Next week, Webjet Limited (ASX: WEB) shares will be in focus when the online travel agent releases its full-year results.
Ahead of the release, let’s take a look to see what analysts are expecting from the company.
What are analysts expecting from Webjet?
According to a note out of Morgans, its analysts are expecting Webjet to report another loss for the 12 months ended 31 March.
Its analysts are forecasting an earnings before interest, tax, depreciation and amortisation (EBITDA) loss of $15.3 million for FY 2022. This compares to the market consensus estimate of an EBITDA loss of $6.8 million.
While on paper this loss doesn’t look great, it is worth noting that it is a big improvement on the company’s performance during the first half of FY 2022. Furthermore, the improvement comes despite the emergence of the highly disruptive Omicron variant during the period.
Our previous FY22 forecast was set before the Omicron variant emerged.
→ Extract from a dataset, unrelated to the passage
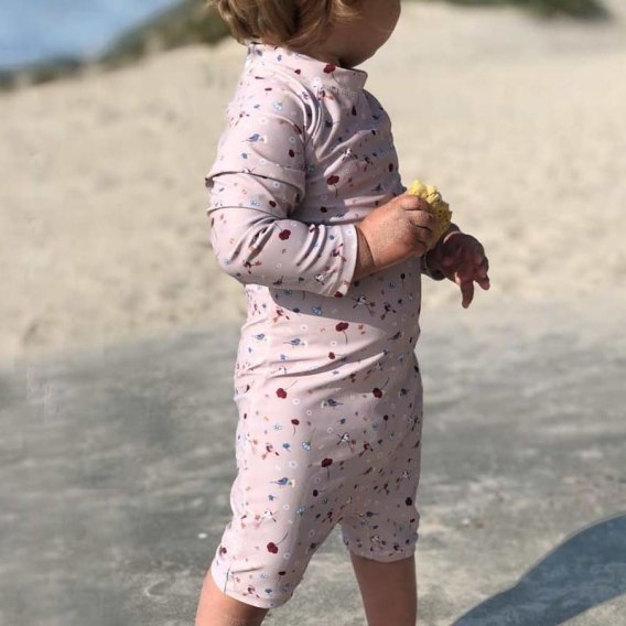 Kombinezon kąpielowy z ochroną przeciwsłoneczną skóry dziecka o współczynniku UV 50+.
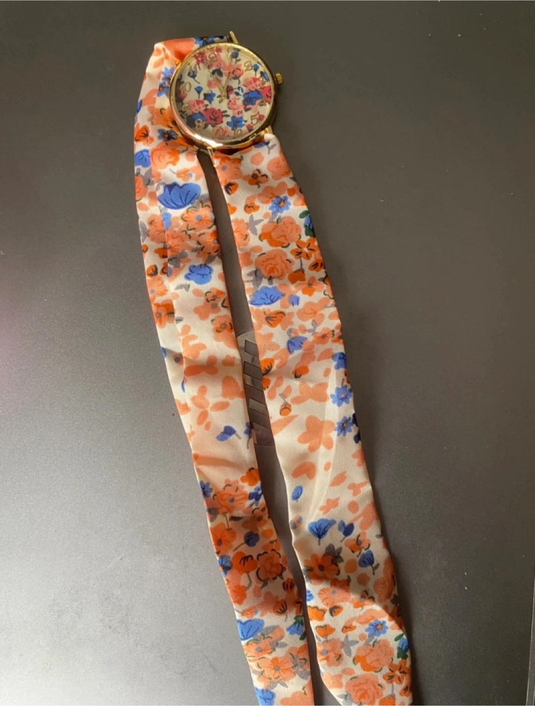 Cute floral print watch with a gold-tone bezel and a matching floral print band. It's in great condition and ready to add a pop of colour to your outfit

Like all travel companies, WEB was materially impacted for ~10 weeks from late December to the end of February. We expect that WEB’s 3Q22 was still stronger than its 2Q22 but to a lesser degree than we thought in November.
We have downgraded FY22 EBITDA forecast due to Omicron. We forecast 2H22 positive EBITDA of A$0.6m, a big improvement from the 1H22 loss of A$15.9m, resulting in an FY22 EBITDA loss of A$15.3m (consensus is -A$6.8m).
Are Webjet shares good value?
Morgans continues to see value in Webjet shares at the current level. Particularly if you zoom out and look at the “recovery year” of FY 2024.
Based on our forecasts, WEB is trading on an FY24 recovery year PE of 18.3x, which is at a discount to its five-year average PE (pre-COVID) of 20.6x.
In light of this, the broker has an add rating and $6.60 price target on Webjet’s shares. This implies potential upside of 20% for investors from current levels.